DAY 2. All crews met for a meal at a nearby hostelry last night before setting off on an eight-hour, lock-free day which took us to the end of the Cannock Extension – a destination that has long been on my places-to-go list.
This branch runs through beautiful countryside and ends with a bonus in the form of Chasewater reservoir, constructed as a feeder for the BCN.
Rusting coal chutes near the basin are a reminder of why the canal was originally built. A couple of hours later we arrived at Longwood Boat Club on the Rushall Canal whose members were there to greet the “explorers” and open their club house for a fish and chips supper followed by a quiz geared up to canals.
DAY 3. No one was going anywhere. We awoke to find the mile long pound below Rushall top locks almost empty. After letting water through for some time it was decided to let the shallow draughted boats go first followed by the rest of the flotilla. The next seven locks were manned by BCNS volunteers so we were soon turning right onto the Tame Valley Canal.

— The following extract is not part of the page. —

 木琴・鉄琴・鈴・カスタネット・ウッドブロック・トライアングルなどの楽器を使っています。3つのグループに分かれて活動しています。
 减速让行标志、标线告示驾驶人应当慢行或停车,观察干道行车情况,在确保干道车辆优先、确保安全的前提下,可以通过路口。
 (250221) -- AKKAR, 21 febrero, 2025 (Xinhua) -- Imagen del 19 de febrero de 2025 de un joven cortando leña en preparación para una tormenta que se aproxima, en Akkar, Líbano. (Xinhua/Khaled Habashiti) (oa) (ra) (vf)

Another right turn took us on to the Walsall Canal – by far the worst we experienced in terms of rubbish. Everyone struggled but eventually made it to Walsall Basin – a surprisingly attractive oasis in the middle of a neglected canal.
DAY 4. BCNS volunteers were out again to assist us on the eight lock flight back to the Wyrley and Essington Canal where a meal had been arranged at a canal side pub in Wednesfield.

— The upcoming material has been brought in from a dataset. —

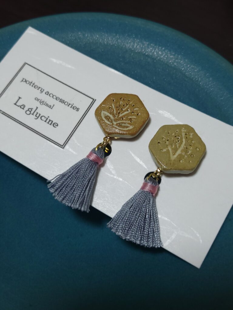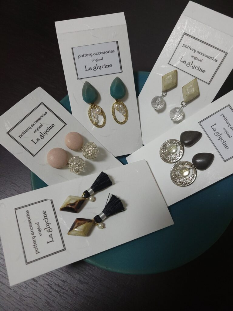 陶芸作品でアクセサリーを作成しています。ひとつずつ釜で焼き上げたパーツ(型どり~素焼き~乾燥、削り~釉薬~本焼き~パーツ付け作業)と作り上げるまでかなり時間がかかりますが唯一無二のアクセサリーを作っています。
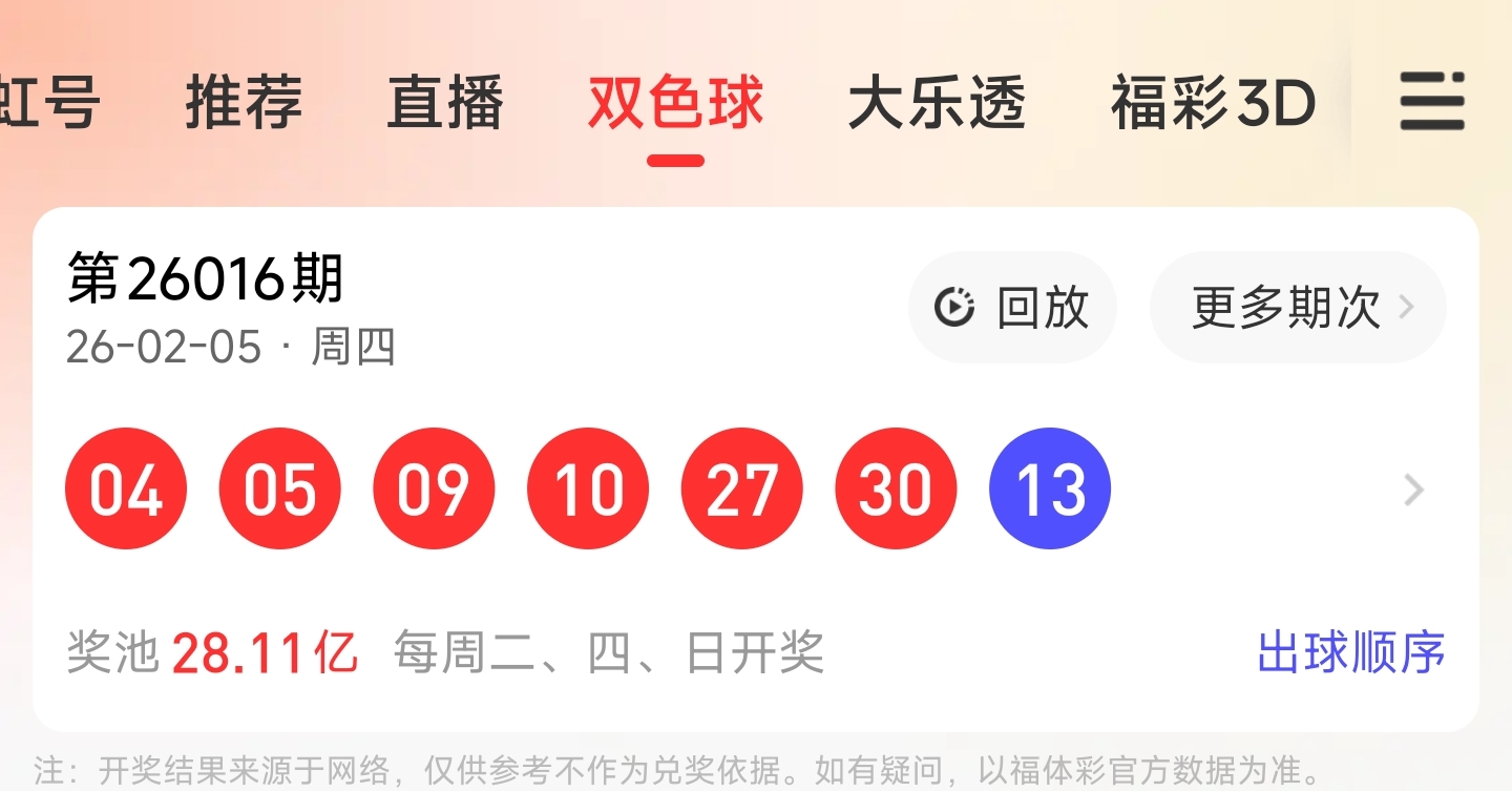 第26016期双色球文章中推荐中命中4,5,9,30等4个红球。

DAY 5. The pub, the Nickelodeon, threw its doors open for us in the morning for a talk by Phil Bateman, Wolverhampton City councillor for Wednesfield North ward who is passionate about the canal running through his patch. Joining the Main Line almost where we started the boats travelled to Deepfields Junction and on to the CRT Bradley workshops, mooring in their basin for individual barbecues.
DAY 6. A welcome and talk by workshops team leader Dave Constable was followed by a tour of the workshops where lock gates are made. Afterwards Dave Pearson took boaters on a walk along the line of the old canal before we moved on to Tipton for the evening and a pre-arranged meal in the famous Pie Factory.
DAY 7. Friday began with a talk and slide show by Phil Wild in Tipton Library – showing how the area was once an island surrounded by canals. Today’s cruising was the shortest of the week but we experienced a torrential downpour all the way. Even in these conditions the BCN volunteers were willing to give up their time to help us through the last six locks to their headquarters at Titford Pump House where Black Country entertainment was provided for the evening.
Why a six-lock canal that goes nowhere was built in the first place only becomes apparent when studying old maps of the area – it once served around a dozen collieries. The canal is also noted for the Titford Pools. These were constructed as feeders and a number of narrowboats ventured into the shallow waters on the Saturday morning to gain a BCNS Titford Pools plaque. Afterwards all the boats went their separate ways.
The whole week was expertly organised, with great attention to detail, by BCNS member Brenda Ward who with her husband Brian joined the cruise on their narrowboat Colehurst. The society has been organising Explorer cruises since 2007 and if Brenda’s efforts are anything to go by they now have it off to a fine art.
The week was an opportunity for like-minded boaters to experience something new while bringing a spark of life into some little-used canals, some of which are surprisingly beautiful. The forging of new friendships was an added bonus.
So anyone who wants to “explore” the far reaches of the BCN on the society’s cruises get your name down for the next available week. You will not be disappointed.